16.1 Assignment: The Buyer may not assign, transfer, or subcontract any of its rights or obligations under the Contract without the Seller’s prior written consent.
16.2 Waiver: No failure or delay by the Seller in exercising any right shall constitute a waiver of that right.
16.3 Severance: If any provision of these Terms is held to be invalid or unenforceable, the remaining provisions shall remain in full force and effect.
16.4 Entire Agreement: These Terms and the Order Confirmation constitute the entire agreement between the parties and supersede all prior discussions, agreements, and understandings.
16.5 Variation: No variation of these Terms shall be effective unless made in writing and signed by both parties.
16.6 Third Party Rights: No person other than the Buyer and the Seller shall have any rights under the Contracts (Rights of Third Parties) Act 1999 to enforce any term of the Contract.
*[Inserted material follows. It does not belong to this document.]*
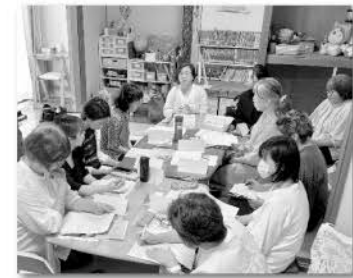
キラリ☆ひろばで講師を囲んでの学習会

みんなのいばしょ『キラリ☆ひろば』に行きました。子どもたちはそれぞれ好きなことをして過ごし「キラリは楽しい」と利用者は年々増加。ボランティア参加もあり、地域とのつながりもできています。スタッフの「お帰りなさい!」の掛け声で、大人も子どもも気軽に行けるようなアットホームな雰囲気の家でした。「自分が住んでいる地域に『キラリ☆ひろば』のような居場所を作りたい」という感想が出て、地域福祉の拡がりを実感した学習会でした。

16.7 Notices: All notices must be in writing and delivered by hand, email, or pre-paid first-class post to the party’s registered address. Notices shall be deemed received: (a) if delivered by hand, at the time of delivery; (b) if sent by email, at the time of transmission; (c) if sent by post, 48 hours after posting.
17.1 These Terms and the Contract shall be governed by and construed in accordance with the laws of England and Wales.
17.2 The parties irrevocably submit to the exclusive jurisdiction of the courts of England and Wales.
Company Details:
Thermaright Website: https://thermaright.co.uk Email: [email protected] Telephone: 0800 368 8464
ACKNOWLEDGEMENT
By purchasing Equipment from Thermaright, the Buyer acknowledges that it has read, understood, and agrees to be bound by these Standard Terms and Conditions for the Sale of Equipment.